Sandbag is dropped from moving ballon

[rsala]

nevermind, I've solved it, thanks anyway

hello, I've tried this simple problem a few times and mastering physics keeps taking points off =(.
ive never used latex so bare with me

Homework Statement

A hot-air balloonist, rising vertically with a constant velocity of magnitude v = 5.00 m/s, releases a sandbag at an instant when the balloon is a height h = 40.0 m above the ground View Figure . After it is released, the sandbag is in free fall. For the questions that follow, take the origin of the coordinate system used for measuring displacements to be at the ground, and upward displacements to be positive.

Compute the velocity of the sandbag at a time 1.15 s after its release.

Homework Equations

x = X$$_{0}$$ +V$$_{0}$$T + .5aT$$^{2}$$
V$$^{2}$$ = V$$^{2}_{0}$$ + 2a(x - x$$_{0}$$)

The Attempt at a Solution

I assume that the initial velocity of the sandbag once it is released is 5ms since that was the velocity of the balloon.

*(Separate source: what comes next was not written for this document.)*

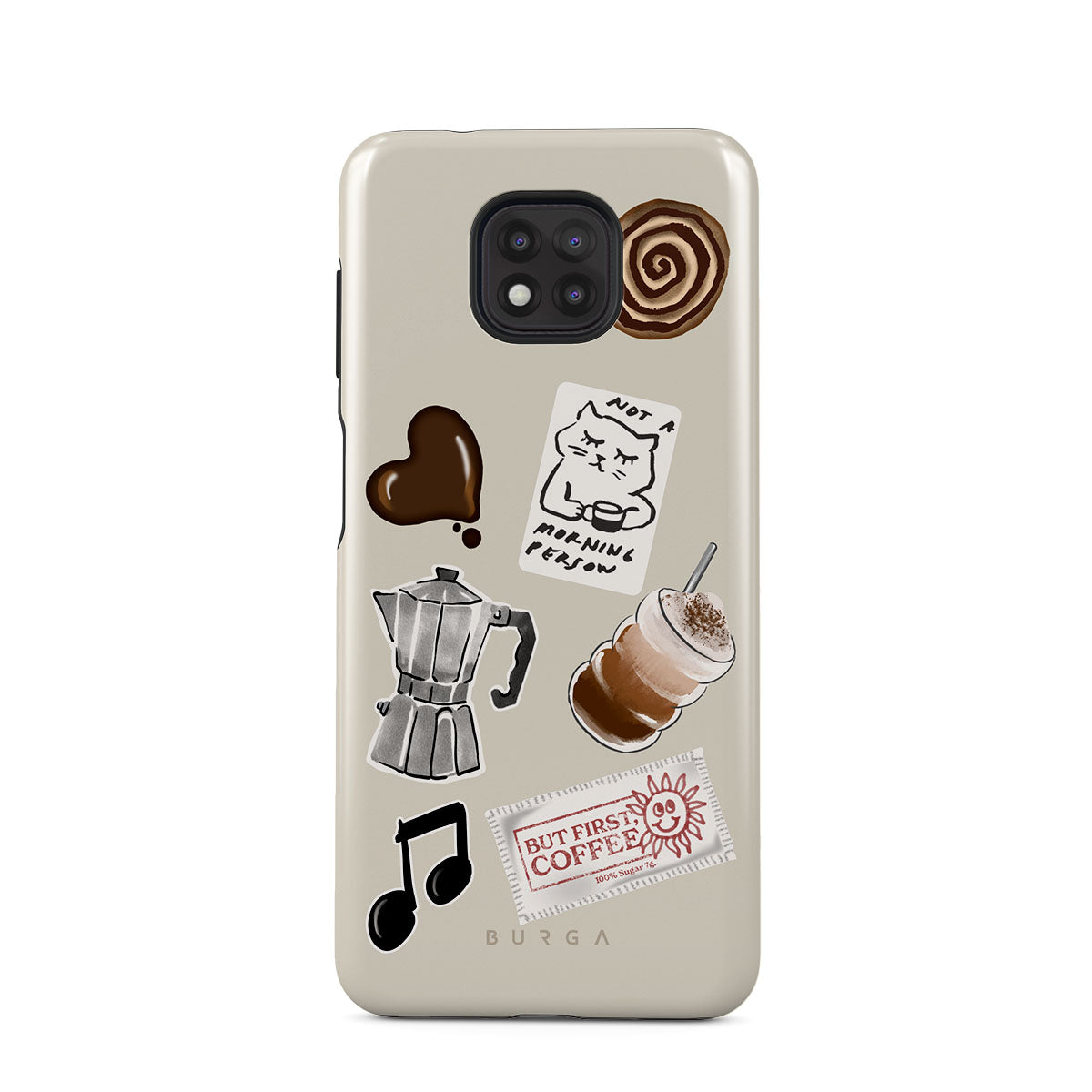 Główne elementy projektu: kawiarkę moka, frappé, cynamonową bułeczkę, czekoladowe serce, naklejkę „Not a morning person”, paragon „But First, Coffee”, nutkę muzyczną.

first i found the position of the sandbag at 1.15.
x = 40 + 5(1.15) + .5(-9.81)(1.15)$$^{2}$$
x = 39.3

up to this point i am 100% sure i am correct.

next i inserted this information into the velocity formula.
V$$^{2}$$ = V$$^{2}_{0}$$ + 2a(x - x$$_{0}$$)

V$$^{2}$$ = (5)$$^{2}$$ + 2(-9.81)(39.3 - 40)
$$\sqrt{V^{2}}$$ = $$\sqrt{38.688}$$
V = 6.22

Mastering physics says incorrect and to check my signs,, I've checked my signs i can't find my error

edit: ops, since its falling i take the negative root not the positive root, problem solved..answer was -6.27

 

[anathema]

I'm glad to hear that you were able to solve the problem and find the correct answer! It's always a great feeling when you are able to figure out a difficult problem. In case you were still curious about where you went wrong, it looks like you may have forgotten to take into account the initial velocity of the sandbag when solving for its position at 1.15 seconds. Since the sandbag is released from a moving balloon, it already has an initial velocity of 5 m/s in the upward direction. This would change your equation for position to:

x = 40 + 5(1.15) + 0.5(-9.81)(1.15)^2 = 39.3 m

Then, when solving for the velocity using the equation V^2 = V_0^2 + 2a(x-x_0), you would get:

V^2 = 5^2 + 2(-9.81)(39.3-40) = 38.688 m/s^2

Taking the square root of this value would give you the correct answer of -6.27 m/s, which is the same as what you found when you realized your mistake.

I hope this helps and keep up the good work in your studies!

 

[Moetasim]

Hello,

I'm glad to hear that you were able to solve the problem and find your error. It's important to always double check your signs when working with equations and make sure they align with the direction you have chosen as positive. Keep up the good work!